Paliperidone extended-release tablets in patients with recently diagnosed schizophrenia.

机构信息

Ortho-McNeil Janssen Scientific Affairs, LLC, Titusville New Jersey, USA.

出版信息

Early Interv Psychiatry. 2010 Feb;4(1):64-78. doi: 10.1111/j.1751-7893.2010.00165.x.

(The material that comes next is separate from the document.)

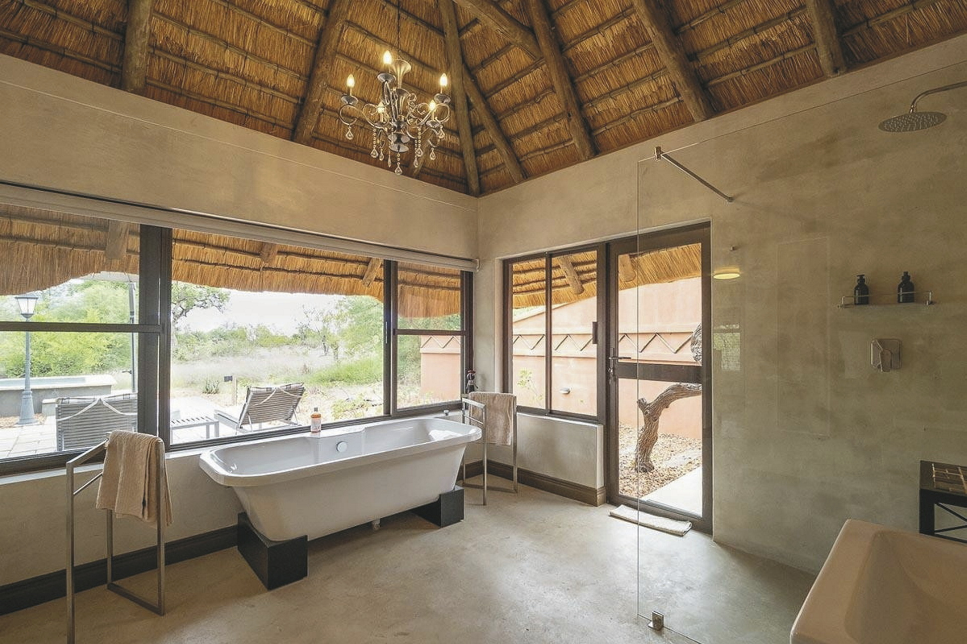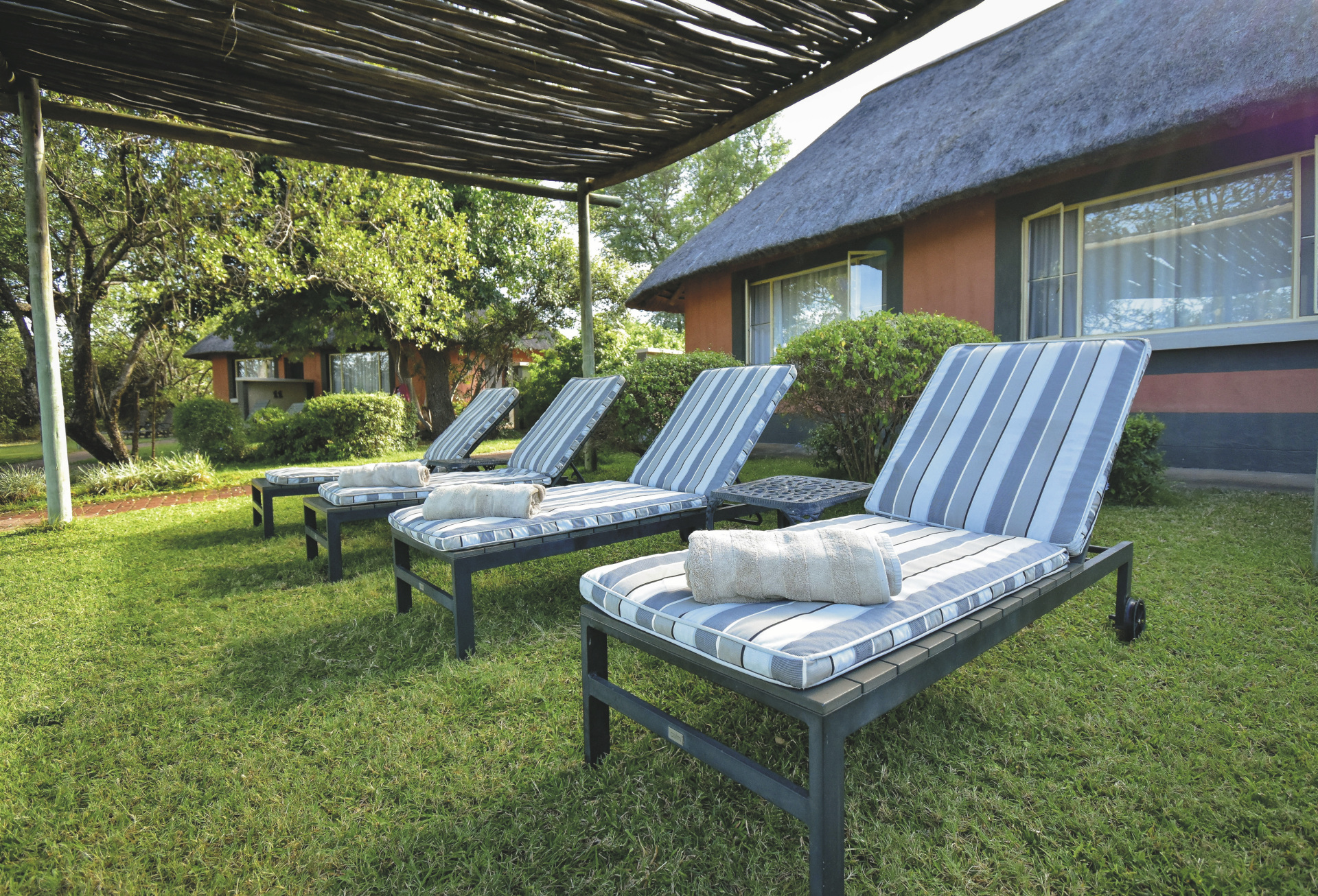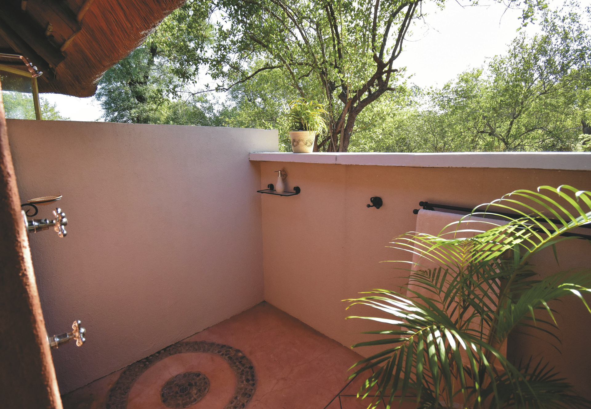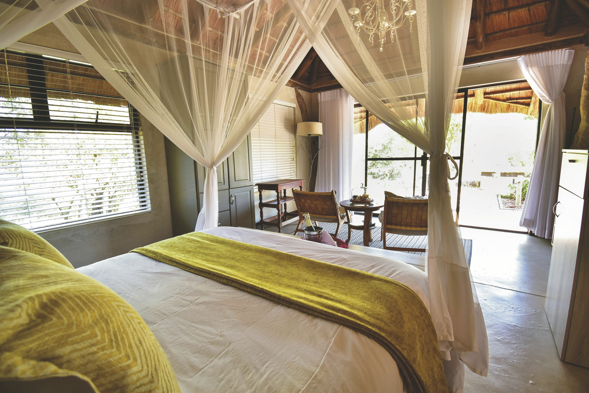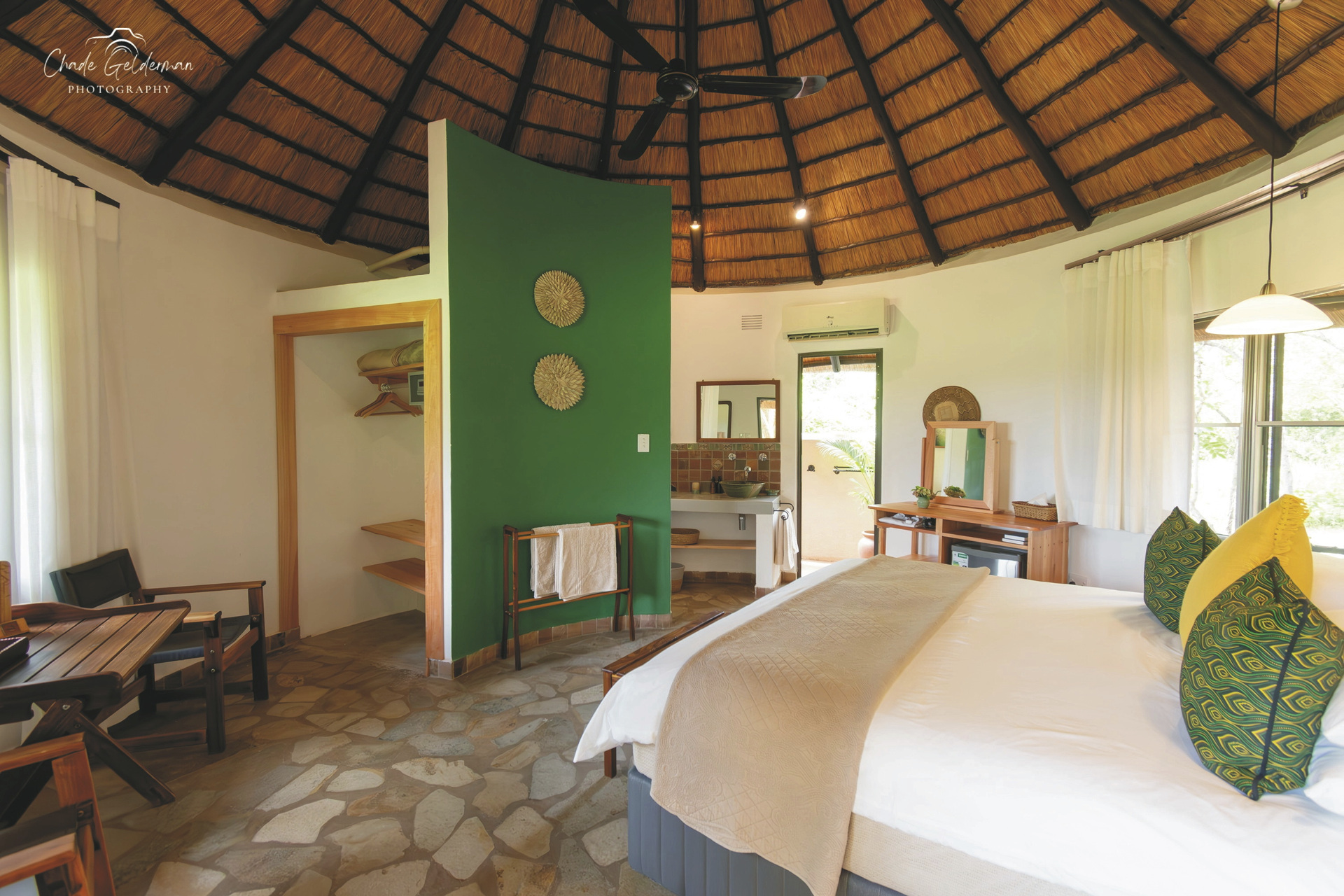Die Lodge verfügt über 10 wunderschöne riedgedeckte, im afrikanisch-ethnischen Stil dekorierte Rondavels, die unter Schatten spendenden Bäumen stehen. Jedes hat natürlich ein eigenes Bad mit Außendusche, außerdem einen Fön, Safe, kostenloses WLAN, Klimaanlage und einen Ventilator. Es gibt Rondavels mit Verbindungstüren für Familien. Die luxuriöse Suite ist großzügig, modern und klassisch afrikanisch, sie bietet zusätzlich eine Innendusche, Minibar, Lounge und einen privaten Plunge Pool, an dem Sie perfekt entspannen und die afrikanische Sonnen genießen können.

DOI:10.1111/j.1751-7893.2010.00165.x
PMID:20199482
Abstract

AIM

Effective early and persistent antipsychotic treatment in recently diagnosed schizophrenia may positively impact long-term outcomes. Paliperidone extended-release (ER) was assessed in this population.

METHODS

Post hoc analysis of pooled data from three 6-week, double-blind (DB), placebo-controlled, and three 1-year open-label (OL) studies of paliperidone ER in schizophrenia patients. Data stratified by time since diagnosis (< or =3 vs. >3 years).

RESULTS

At DB (n = 1193) and OL baselines (n = 744), 259 (21.9%) and 188 (25.3%) patients were diagnosed < or =3 years. At DB end point, both populations improved with paliperidone ER versus placebo on Positive and Negative Syndrome Scale (PANSS) total, Clinical Global Impressions-Severity and Personal and Social Performance (PSP) scale scores (all P < 0.05). At OL end point, there were significant improvements from DB baseline in both populations on these scales (P < 0.0001), with greater improvement in the < or =3-year population on PANSS total (P < 0.001) and PSP (P < 0.001) scores. During DB treatment, only the < or =3-year population reported adverse events (AEs) in > or =5% (placebo-adjusted rate) of subjects receiving paliperidone ER: akathisia, extrapyramidal disorder not otherwise specified and somnolence. During OL treatment, akathisia and somnolence occurred more frequently (> or =5%) in the < or =3- versus >3-year population. OL study completion rates were 51.1% in < or =3-year, and 48.2% in >3-year subjects.

CONCLUSIONS

Paliperidone ER significantly improved symptoms and functioning in schizophrenia patients, regardless of time since diagnosis. Recently diagnosed patients who continued treatment exhibited greater symptom reduction and functional benefit over the long term. Results also suggest that these patients may be more susceptible to certain AEs.

摘要

目的

在新近诊断的精神分裂症患者中,早期和持续有效的抗精神病治疗可能会对长期结局产生积极影响。本研究评估了帕利哌酮缓释剂(ER)在这一人群中的应用。

方法

对帕利哌酮 ER 治疗精神分裂症患者的 3 项 6 周双盲(DB)、安慰剂对照和 3 项 1 年开放标签(OL)研究的汇总数据进行事后分析。按诊断后时间(≤3 年与>3 年)进行分层。

结果

在 DB(n=1193)和 OL 基线(n=744)时,259(21.9%)和 188(25.3%)例患者的诊断时间≤3 年。在 DB 终点时,与安慰剂相比,帕利哌酮 ER 治疗使两组患者的阳性与阴性综合征量表(PANSS)总分、临床总体印象严重度量表和个人与社会功能量表(PSP)评分均得到改善(均 P<0.05)。在 OL 终点时,两组患者的这些量表评分均较 DB 基线时显著改善(均 P<0.0001),其中诊断时间≤3 年的患者在 PANSS 总分(P<0.001)和 PSP(P<0.001)评分上的改善更显著。在 DB 治疗期间,仅诊断时间≤3 年的患者报告了帕利哌酮 ER 治疗组发生率>5%(安慰剂校正率)的不良事件(AE):静坐不能、锥体外系障碍未特指和嗜睡。在 OL 治疗期间,诊断时间≤3 年的患者较诊断时间>3 年的患者更常报告 AE(发生率>5%):静坐不能和嗜睡。诊断时间≤3 年的患者 OL 研究完成率为 51.1%,而诊断时间>3 年的患者为 48.2%。

结论

帕利哌酮 ER 显著改善了精神分裂症患者的症状和功能,与诊断时间无关。继续治疗的新近诊断患者在长期治疗中表现出更大的症状缓解和功能获益。结果还表明,这些患者可能更容易出现某些 AE。